3. User interface where you select cocktails you like from a list of cocktails and we spit out recommendation. 

3. Scrape internet for cocktail recipes and make a database of recipes
4. Calculate alcohol by volume of cocktails/strength category

5. Create a more robust recommender that references the recipes as well as association. 

6. User interface saves previous recommendation requests as well as stores information on whether or NOT you liked a cocktail, introducing a new feature of not liking a cocktail. 

## Step 1: Gathering a list of cocktails

### Step 1a: Scraping Reddit for cocktails

We will use PRAW, reddit application API, to scrape a couple reddit posts to get a list of cocktails people enjoy ordering.
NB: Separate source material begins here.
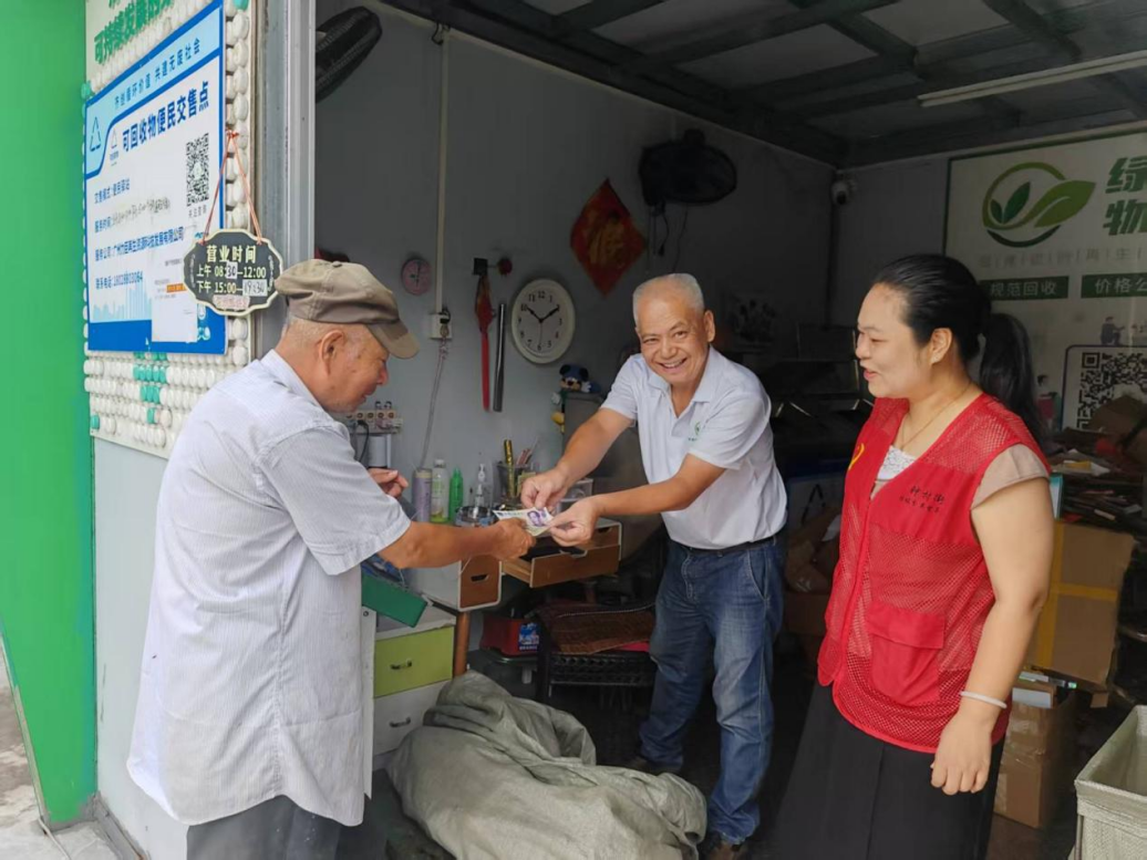 以往,祈福新村的可回收物处理是居民的“心头患”,交售点位少、价格不透明、搬运距离远等问题,导致居民主动参与回收的积极性不高。为破解祈福新村可回收物“变现难”问题,番禺区城市管理和综合执法局联合供销部门、钟村街道打通回收渠道的“最后一公里”,引入专业可回收物回收企业,并纳入供销监管体系。由企业负责在祈福新村布局3个可回收物交售点并长期驻场运营,由物业公司负责提供场地并在业主群发布消息,由社区负责定期组织垃圾分类主题宣传活动,引导祈福新村居民就近交售可回收物。

The hard part is sorting people's responses for the key words that I want.

In [1]:
import praw
import pandas as pd
from praw.models import MoreComments

reddit = praw.Reddit(client_id='ZGRoXTLzJz0hiEW6q6E2Og', client_secret='2f95rsary77FnpfsMKKwmXR-xlRryw', user_agent='scraps')

# first url 
url = "https://www.reddit.com/r/cocktails/comments/178syjl/what_are_your_top_3_favorite_cocktails_and_why/"
submissions = reddit.submission(url=url)
posts = []
for top_level_comment in submissions.comments:
    if isinstance(top_level_comment, MoreComments):
        continue
    posts.append((top_level_comment.author.name, top_level_comment.body))

# second url
url = "https://www.reddit.com/r/cocktails/comments/13ihzpy/rcocktails_top_50/"
submissions = reddit.submission(url=url)
for top_level_comment in submissions.comments:
    if isinstance(top_level_comment, MoreComments):
        continue
    if top_level_comment.author != None:
        posts.append((top_level_comment.author.name, top_level_comment.body))
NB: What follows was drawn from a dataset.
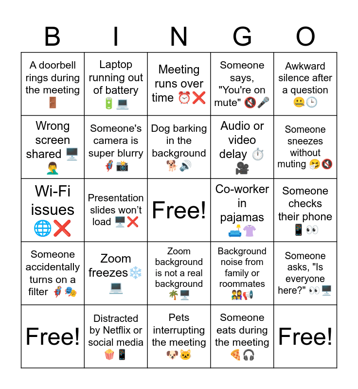 This bingo card has a free space and 24 words: Zoom freezesβοΈπ», Distracted by Netflix or social media πΏπ±, Dog barking in the background ππ, Free!, Awkward silence after a question π€π, A doorbell rings during the meeting πͺ, Wrong screen shared π₯οΈπ€¦ββοΈ, Laptop running out of battery ππ», Co-worker in pajamas ποΈπ, Zoom background is not a real background π΄π₯οΈ, Audio or video delay β±οΈπ₯, Wi-Fi issues πβ, Background noise from family or roommates π¨βπ©βπ§βπ¦π’, Someone asks, "Is everyone here?" ππ₯οΈ, Someone's camera is super blurry π¦ΈββοΈπΈ, Someone eats during the meeting ππ§, Someone checks their phone π±π, Meeting runs over time β°β, Someone sneezes without muting π€§π, Presentation slides wonβt load π₯οΈβ, Free!, Someone accidentally turns on a filter π¦ΈββοΈπ, Someone says, "You're on mute" ππ€ and Pets interrupting the meeting πΆπ±.

# convert posts to dataframe with redditor id and text.
posts = pd.DataFrame(posts,columns=["id", "body"])
# remove all deleted posts
indexNames = posts[(posts.body == '[removed]') | (posts.body == '[deleted]')].index
posts.drop(indexNames, inplace=True)
posts


Unnamed: 0,id,body
0,jaykaner411,1. Daiquiri - Especially with good rum (probit...
1,dwchambers,This is tough! And I’ve hardly tried a great n...
2,MizLucinda,"Paper plane - equal parts, all magic. I genera..."
3,thehza4,1. Sazerac. Just perfection. Love the bourbon ...
4,_makebuellerproud_,At the moment? \n\n1.) a well made dirty gin m...
...,...,...
481,aproposofnothing32,Bees Knees\n\nBlack Manhattan\n\nMargarita \n\...
482,woelajilliams,"Negroni, Mai Tai, Army & Navy, Queen's Park Sw..."
483,thecal714,Daiquiri\n\nWhiskey Sour\n\nSazerac\n\nPaper J...
484,CovfefeFan,Nergroni\nManhattan\nOld Fashioned\nMartini\nL...


In [2]:
# preprocessing the text in each post to help our nlp model detect cocktails more accurately. 
processedText = []
for post in posts['body']:
    # common characters used to end sentences or start a new bullet. We want to remove these so that our model doesn't have to work so hard trying to identify what numbers or special characters are part of the cocktail name or not. Now there's a space between these special characters that might be commonly misinterpreted. 
    to_replace = ['.', '-', '\n', ',', '/']
    for c in to_replace:
        post = post.replace(c, ' . ')
    post = post.lower()
    processedText.append(post)

posts["preprocessed"] = processedText # add the processed strings with stop words removed as a new column in the posts dataframe. 

posts


Unnamed: 0,id,body,preprocessed
0,jaykaner411,1. Daiquiri - Especially with good rum (probit...,1 . daiquiri . especially with good rum (pr...
1,dwchambers,This is tough! And I’ve hardly tried a great n...,this is tough! and i’ve hardly tried a great n...
2,MizLucinda,"Paper plane - equal parts, all magic. I genera...",paper plane . equal parts . all magic . i ...
3,thehza4,1. Sazerac. Just perfection. Love the bourbon ...,1 . sazerac . just perfection . love the bo...
4,_makebuellerproud_,At the moment? \n\n1.) a well made dirty gin m...,at the moment? . . 1 . ) a well made dirty g...
...,...,...,...
481,aproposofnothing32,Bees Knees\n\nBlack Manhattan\n\nMargarita \n\...,bees knees . . black manhattan . . margarita...
482,woelajilliams,"Negroni, Mai Tai, Army & Navy, Queen's Park Sw...",negroni . mai tai . army & navy . queen's p...
483,thecal714,Daiquiri\n\nWhiskey Sour\n\nSazerac\n\nPaper J...,daiquiri . . whiskey sour . . sazerac . . p...
484,CovfefeFan,Nergroni\nManhattan\nOld Fashioned\nMartini\nL...,nergroni . manhattan . old fashioned . martini...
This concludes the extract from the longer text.